As to the distorted position that white cops kill black citizens in wholesale numbers you know that is not true, but is the back bone of the Black Lives Matter agenda. It has been statistically disproved as was “hands up, don’t shoot”. Black Lives Matter proports that police are out to kill their brothers and sisters with abandon. Again, not true. So your opening line, although true does not acknowledge that it too has been hijacked.

Racial divide is fermented by those incidents that are plastered all over every media outlet, cable station or internet platform. Cell phone video provides vivid and often disturbing images of violence and also death. Many of the cases that reach the national consciousness are really outliers in the overall condition of society. There are bad actors in every single walk of life. Bad police, bad politicians, bad stock brokers, bad doctors, bad clergy even. Evil roams the world each and every day. You will never stop it. Our only hope is to deter it. How you might ask, by good police and good policing.

The protests were allowed to turn into riots and violence by the very politicians who govern. The issue was too hot for them to address so that retreated, delayed and obfuscated allowing tension, resentments and anger to spill over. Had they acted judiciously, beyond firing the cops, the situation may have been very different. The country could have pulled together behind the acknowledgement that George Floyd was killed by bad cops.

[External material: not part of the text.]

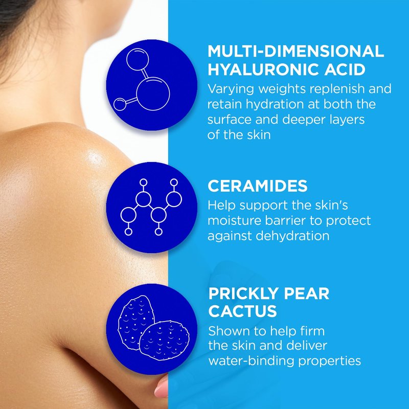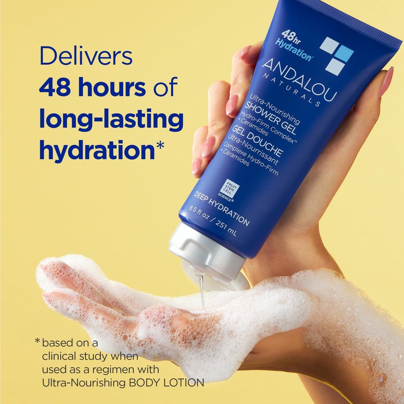 - 48 HOURS OF HYDRATION: A nourishing, moisturizing body wash with Ceramides and our proprietary Hydro-Firm Complex of multi-dimensional Hyaluronic Acid, Prickly Pear Elixir and Algae Oil, that lathers into a gentle cleansing foam

The agitators and ne’er do wells have hijacked what could have been an historic positive born out of evil and trashed not only the opportunity to heal but create battle lines that exacerbate the divide.

A revisit of 1968 and the aftermath of the murder of Dr. Martin Luther King Jr. is very sad and disheartening to see. Whole neighborhoods were destroyed, innocent business owners lost their livelihoods and possibly their future. Citizens were beaten, cops were attacked even going as far as burning down a police station.

As distorted as it may seem championing Black Lives Matter under the current conditions is counterproductive. It draws a deeper and wider divide because it will be misused, misappropriated and devalued by those who seek not to heal but destroy.